It may be not an issue in environments, where primary key (and table data) is already all cached in memory. Accessing a record in a page, once it is already in memory, is very cheap, compared to reading the page from disk. Of course, this makes a copy of table data, but really removes I/O saturation, especially if data is very cold.

Of course, still being on tight budget, we saved some disk space here too. Simply putting such wide index on single slave and not on others, then sending all queries requiring such index to particular slave did solve many resource issues. Maintaining secondary indexes inside InnoDB is not that expensive – all writes are delayed and go to ‘adaptive hash index’, and transaction logs contain just information about a single copy of a row.

Once we will go over 50 (or 20 :) DB servers, we may probably want to think about making such index changes and load balancing more automatic, but for now solving edge cases this way seems proper.

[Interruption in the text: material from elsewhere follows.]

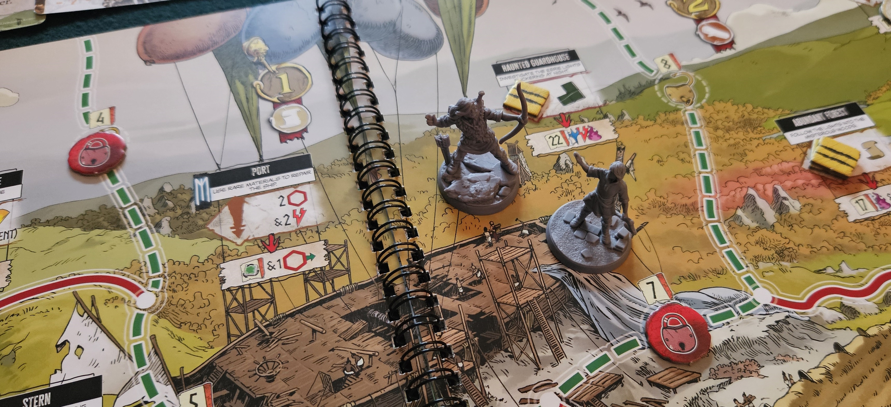 The system underpinning these actions is functional enough to require careful consideration even if it doesn’t make much sense within the logic of the game universe. The gist is that you have a row of action cards, things like fighting, gathering resources, picking up items, moving around the map, and so forth. Each turn allows your crew to alternate placing four discs on these cards to trigger their corresponding effects.
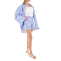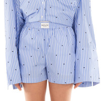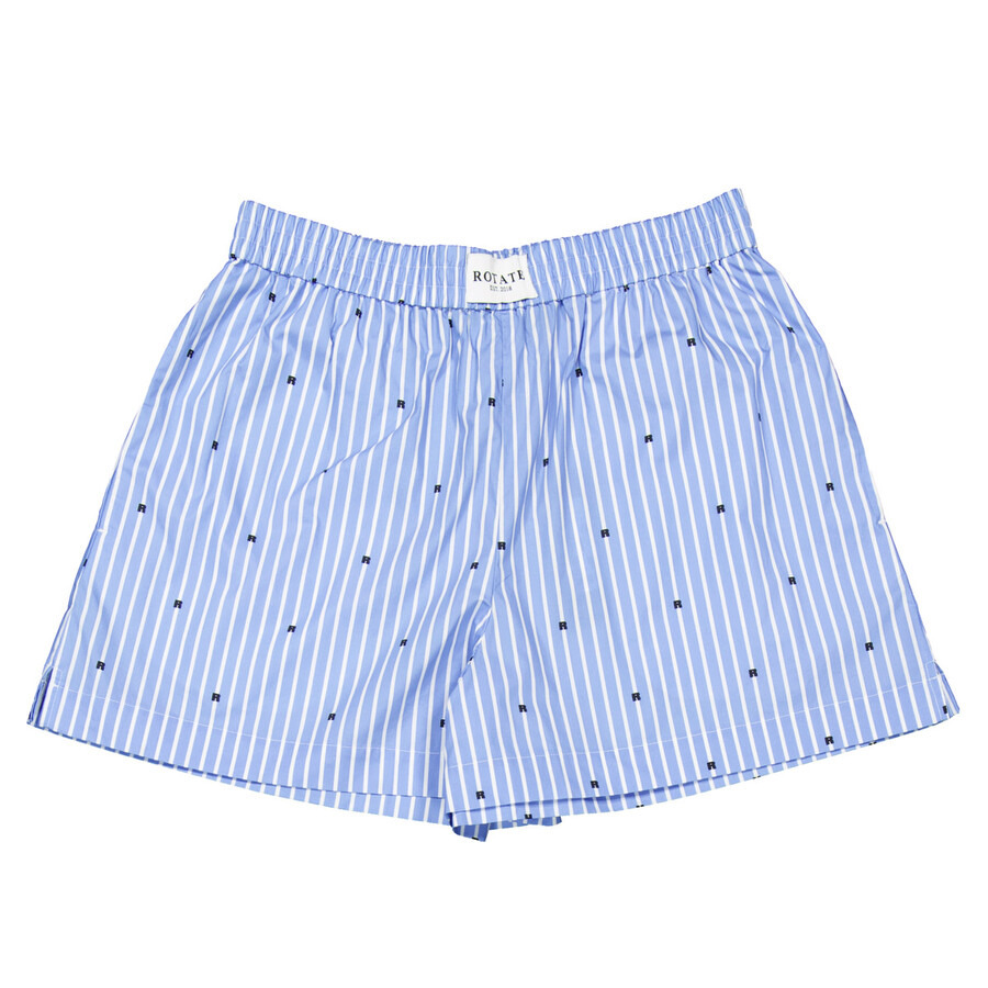 Rotate Ladies Bottoms. Fashion category: Shorts. SKU: 1124702975-BLUE LOGO STRIPE. Color: Blue Logo Stripe. Rotate Elasticated Stripe Shorts. Made from lightweight poplin fabric, this pair of shorts features a pull-on style with an elastic waistband, side seam pockets, and is finished with an allover logo pattern. 100% cotton. GENERAL Color: Blue Logo Stripe INFORMATION Brand: Rotate Gender: Womens Model: 1124702975-BLUE LOGO STRIPE DETAILS Category: Bottoms Apparel Type: Shorts Material: Cotton ADDITIONAL INFO Jomashop Sku: -02975BLUELOGOSTRIPE Department: Clothing

And here is comparison of two DB servers, one with covering and one with simple (just for WHERE conditions) index:

db4 mysql> select sum(rev_minor_edit) from revision
                        where rev_user_text='Test user';
1 row in set (21.73 sec)

db6 mysql> select sum(rev_minor_edit) from revision
                        where rev_user_text='Test user';
1 row in set (2.30 sec)

Both servers did read completely cold data (though they were in working state with warmed up buffers), and repeating of queries did provide not that different results (both servers executed under a second). Of course, 200MB of pages in buffer displaced possibly useful information…

Covering indexes are really powerful tool in environments where cold non-buffered data exists, and yet again prove the point, that access patterns of applications are very important when designing any schema or indexes. It is really one of major issues I expect from a storage engine (or DBMS in general) for any bigger data environments.

Open transactions are bad

Two identical queries have somewhat different execution times, though data layout, table format, everything… is quite same:

mysql> select count(*) from transtest;
| count(*) |
|    10000 |
1 row in set (0.00 sec)

mysql> select count(*) from transtest;
| count(*) |
|    10000 |
1 row in set (2.88 sec) < ---- oh noes!!!

The difference is very simple, though often forgotten. Multiversioned (MVCC) tables may have multiple versions (hence the name) of rows.
Even more, the engine will keep all versions of rows, that would be needed for oldest active transaction, just in case it requests some snapshot from the past.
Think of it as of some sort of time machine, just somewhat less efficient :)

If some old transaction is running, heavily edited tables will have more stored row versions.
In above case, second query had to read a million of rows to produce a count, when first one was working on clean environment.
Once the transaction holding old versions was rolled back, the query took 0.00sec again.

Databases (or DataACIDs) will take additional measures, often unexposed, to provide consistent data, so we may treat this as a feature, not a bug.

Conclusion: avoid long running transactions, especially if doing nothing. Oh well, avoid long running transactions with locks too, but that is already different question. If you spot anything sleeping – kill the slacker. At application level. :-)